An individual who becomes resident as per the above section, will attain the status of resident and ordinarily resident (ROR) in India, if satisfies both these conditions cumulatively:
(a)  who has been a resident in India in at least 2 out of 10  financial years immediately preceding the current financial year, and
(b) has stayed in India for a period of, or periods amounting in all to 730 days or more during the preceding 7 previous years.

If a resident doesn’t fulfill both the above-mentioned conditions, he will become Resident but not ordinarily resident i.e. R-NOR

Now, as amended by Finance Act 2020,  Indian citizens or PIOs having total income, other than income from foreign sources, exceeding Rs 15 Lakhs during the Financial Year, and who visits India for a period of more than 120 days, will directly attain the status of R-NOR for Income tax.

(Explanation: If a person who was earlier having NR status and was capable of relieving his Indian Income from tax liability by visiting India for less than 182 days, he will now attain the status of R-NOR if he visits India for 120 days or more as well as has Income of more than 15 Lakhs from Indian sources, his total Indian Income will become taxable in India.

So, the change has been effected to catch those individuals who were carrying out substantial economic activities from India but were able to manage their period of stay in India to be less than 182 days to remain a Non-Resident (NR) in India.

In short, to retain the status of RNOR and have no tax liability arising, Indians need to restrict their visits to India for a period not exceeding 119 days if their income is exceeding Rs. 15 Lakhs. If income is exceeding Rs 15 Lakhs, restrict the number of days to 119 or less.
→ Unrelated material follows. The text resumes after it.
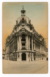 Materias: Tarjetas postales - Arquitecto - Santiago (Chile : Ciudad) - Calle Bandera (Santiago, Chile) - Jéquier, Émile - Calle Moneda (Santiago, Chile) - Bolsa de Comercio de Santiago (Chile) - Historia - Fotografías - Arquitectura - Edificios históricos

One more important amendment is done by introducing the concept of “Deemed Residency” for all Indian citizens who used to enjoy the status of NR in India by shifting their stay in low or no-tax jurisdiction. This is done to provide that all Individual being a citizen of India, shall be deemed to be a “Resident” in India in any previous financial year, if

a) He is not liable to tax in any other country or territory because of his domicile or residence or any other criteria of similar nature and

b) If his total taxable Indian income during the financial year is more than Rs. 15 Lakhs.

The residential status of an Indian citizen who becomes deemed Resident by virtue of above provision shall be of RNOR. A suitable clarification was already provided by CBDT that this provision shall not apply to “bonafide workers” working outside India, like those working in UAE, and few other countries.

As a result of the above changes in the residency provisions, it becomes important for all Indian citizens and PIOs to carefully re-evaluate their residential status and assess their tax liability in India accordingly. Having said so, individuals having income in India not exceeding Rs 15 Lakhs are not affected by these amendments and should not be bothered.

To conclude, the Definition of NRI is now to be closely observed every year while preparing to file tax returns and also for individuals looking to relocate or move back to India.

All the articles written before passing of Finance Act, 2020 are now to be ignored. It has been a matter of fact one should be cautious reading articles knowing that laws in India are likely to be changed very often, so applicability is to be seen on a date basis. The role of professionals having expertise in the subject comes into the picture at these moments to educate and update the changes happening and perform with excellence. Since a mistake here and there, it can cost a big setback.